New software patent law could spark tech boom

By Pat Pilcher

Orion Health founder Ian McCrae was part of the tech industry lobby that argued software patents were counter-productive and got in the way of innovation. Photo / Kenny Rodger
Orion Health founder Ian McCrae was part of the tech industry lobby that argued software patents were counter-productive and got in the way of innovation. Photo / Kenny Rodger

Last week was a milestone moment for New Zealand's fledgling software industry, with the passing into law of a new patents bill, which exempts software from patentability.

This mightn't sound like earth shattering news, but as with many things law related, the devil is in the detail, and as Labour's ICT spokesperson, Clare Curren said in Parliament last week, it was a "historic day for intellectual property in New Zealand,"

The Institute of IT Professionals chief executive, Paul Matthews, was also positive, saying the move could see offshore developers migrating to New Zealand's tech sector, seeing it as a safe haven from litigation.

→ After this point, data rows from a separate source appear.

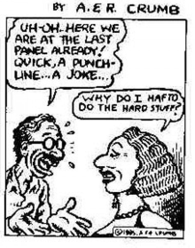 In 1981, Crumb produced and edited a new comic magazine called “Weirdo” which included the work of other artists. Aline’s and Robert’s daughter Sophie was born at this time. In the mid-eighties, Robert decided to let Peter Bagge (and eventually Aline) take over the job as editor of Weirdo so that he could spend more time doing his own comics. While still contributing to “Weirdo,” he created the “Hup 1-4” series in the late 1980's and early 90's.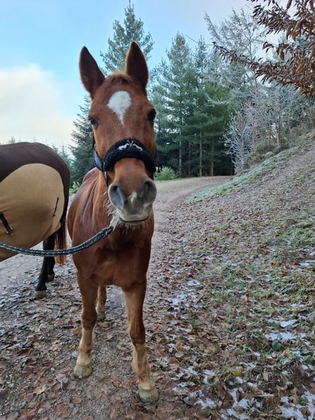 A 14-year-old New Forest Pony seeking a loving home as a trail or recreational riding pony. Stanley loves the outdoors and is a brave, well-behaved, and motivated pony when riding in the terrain. Due to a cervical spine issue, traditional dressage or jumping are not possible. However, Stanley enjoys groundwork, classical lunging, long-reining, and double-longeing. He stands at 147 cm (approximately 14.1 hh) and has a good temperament, making him suitable for experienced adult riders who can sit independently without relying solely on the reins. He is not a beginner or children's pony and requires a rider with riding experience. Currently, he is kept in a gelding paddock with other horses, where he tends to be middle-ranking; he has always shown good compatibility with his herd. Stanley is also completely uncomplicated when it comes to the farrier and loading. Further information gladly provided in person. Video available upon request. Equipment can be included. Priority for the right home over price.
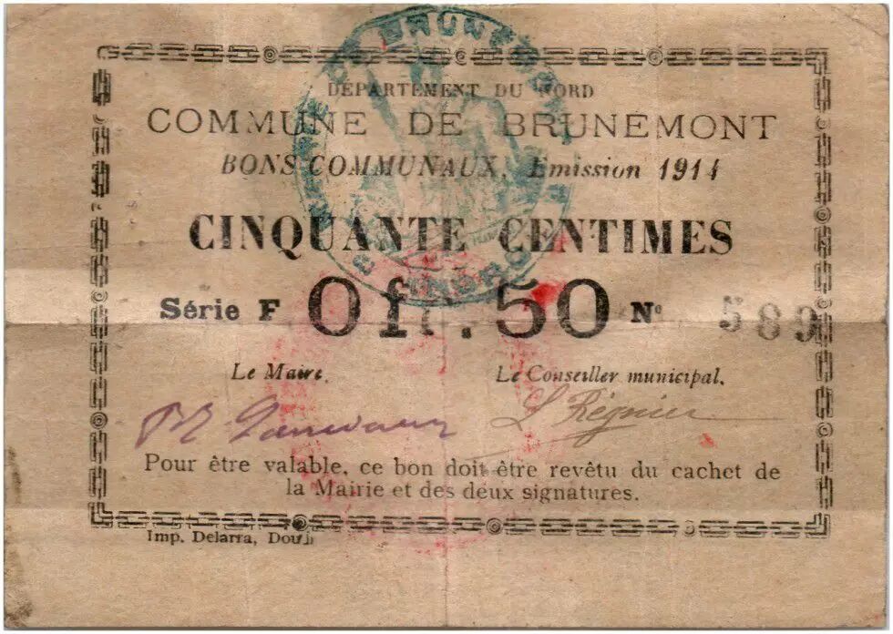 Banknote France 50 Centimes Brunemont City - 1914
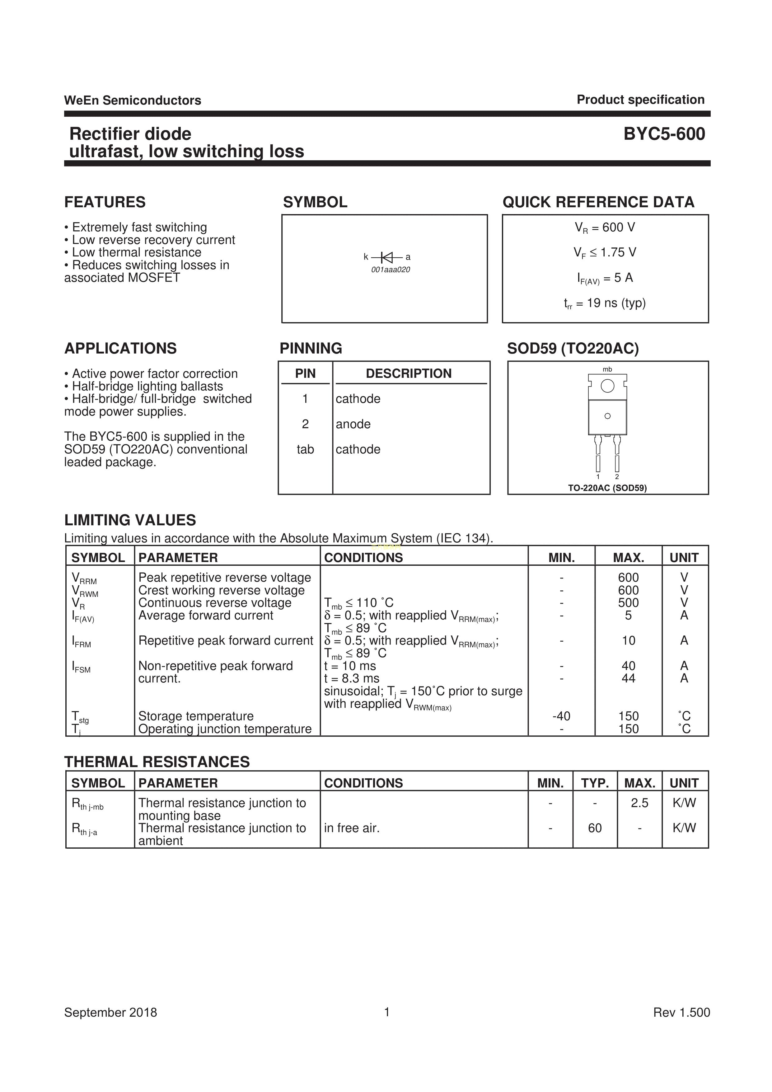 BYC5-600127数据手册SOD-59封装WeEn(瑞能)PDF规格书,中英文下载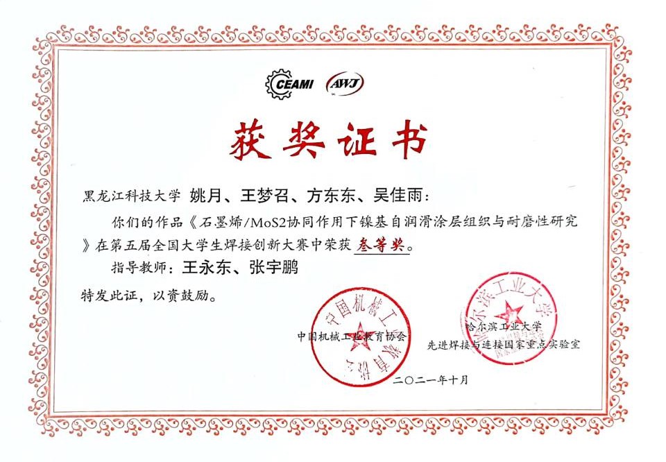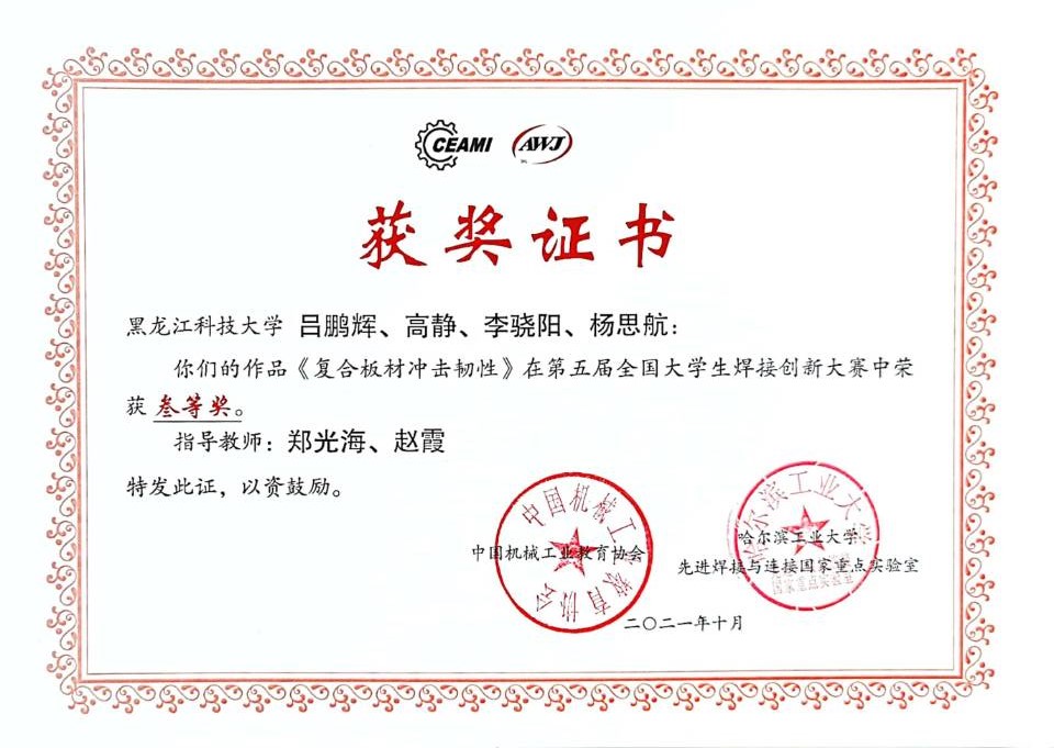 近日,第五届全国大学生焊接创新大赛在哈尔滨举行,本届大赛由中国机械工业教育协会和哈尔滨工业大学先进焊接与连接国家重点实验室主办。有来自清华大学、哈尔滨工业大学、天津大学等49所高校的148件作品入围决赛。在学校教务处、材料学院的高度重视和大力支持下,【官网】代表队获得二等奖1项,三等奖3项的好成绩。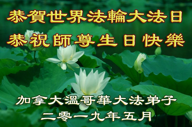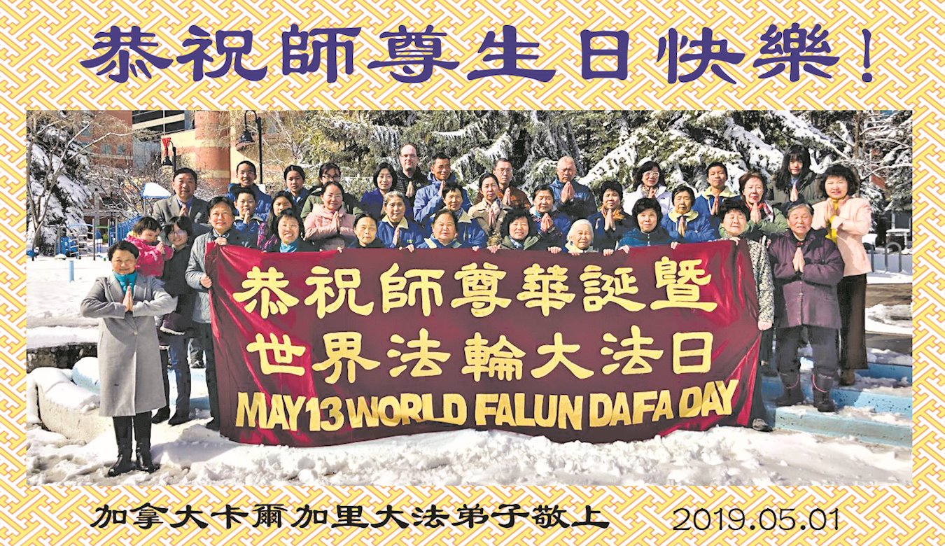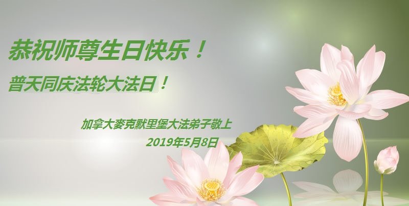 加拿大麦克默里堡大法弟子恭祝慈悲伟大的师尊生日快乐! 2019年5月9日弟子敬上, 合十。 加拿大卡尔加里大法弟子恭贺世界法轮大法日暨师尊华诞!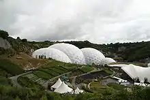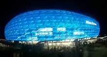 بالشتکهای پرشده از هوایی است که از ۲ تا ۵ لایه پلیمر ،ETFE پانلهای ورق که از طریق فرایند ETFE ترکیبی ۲ اتیلن، به نام تترا فلورواتیلین تشکیل شدهاند. ورق اکستروژن (دمیدن مذاب پلیمری درون قالبی به شکل دلخواه با فشار زیاد)، به شکل فیلمهای نازکی درآمده، توسط یک قاب آلومینیومی نگه داشته میشود که به اسکلت ساختمان متصل است. این سازه غشایی مشبک سبک و شفاف، تنها تنش کششی را تحمل میکند و وزن پوسته خارجی و سیستم باربر سازه را به حداقل ممکن میرساند. مقاومت سازهای ETFE ۲۲۲ باد میشوند که به ورق Pa بالشتکها با فشارکمی، تقریباً بخشیده و سقف را به میزان بالایی عایق میکند.[3]

"It is a really strong signal that we're serious about protecting innovators and about making NZ a really good place to run a tech company... We've already been approached by overseas, primarily US based companies, who're looking very seriously about relocating to NZ, and one of the key reasons being because of things like the patent law"

According to Mathews the new patent laws could also stimulate significant growth in the tech sector.

"Our industry is on the brink of a fairly large explosion... we've got the Xeros and Orion Health and others who are already doing some good things on the international stage and they're growing in terms of reputation and market share but we've also got a bunch of other companies that are a tier or two below that ware growing really quickly as well and are just starting to really get results on the international scene. If we can make sure we're creating an environment that will foster innovation and tech companies then we'll be on the brink of some pretty expansive growth."

Good things do however take time, and the Patents Bill was no exception, taking a full five years before it finally passed into law. The legislation was first drafted in 2008, with the Commerce Select Committee recommending a total ban on software patents in 2010. This stance was looking shaky with the introduction of a Supplementary Order Paper (SOP), which lead to an immediate and vocal outcry amidst fears that software could become patentable.

Numerous industry bodies representing the New Zealand IT industry including the Institute of IT Professionals, NZRise, internetNZ and the New Zealand Open Source Society were all highly vocal in their opposition alongside a who's who of New Zealand software companies.

Their concerns, reported here, centred on the fact that it would be next to impossible for kiwi developers to create software without infringing one of the many software patents already in existence, which would see them dragged into legal battles against bigger, better resourced and lawyered-up multinationals.

Dave Lane of New Zealand Open Source Society warns that even though the new law will free local developers from patent battles, developers will need to remain watchful.

"With something as arcane as patent law, those with strong incentives, a lot of resource, and few ethical concerns will test the legislation to see how far it will bend. So while we're ecstatic with the outcome of the Patents Bill, we recognise that the price of our new found liberation from the scourge of software patents is to remain vigilant."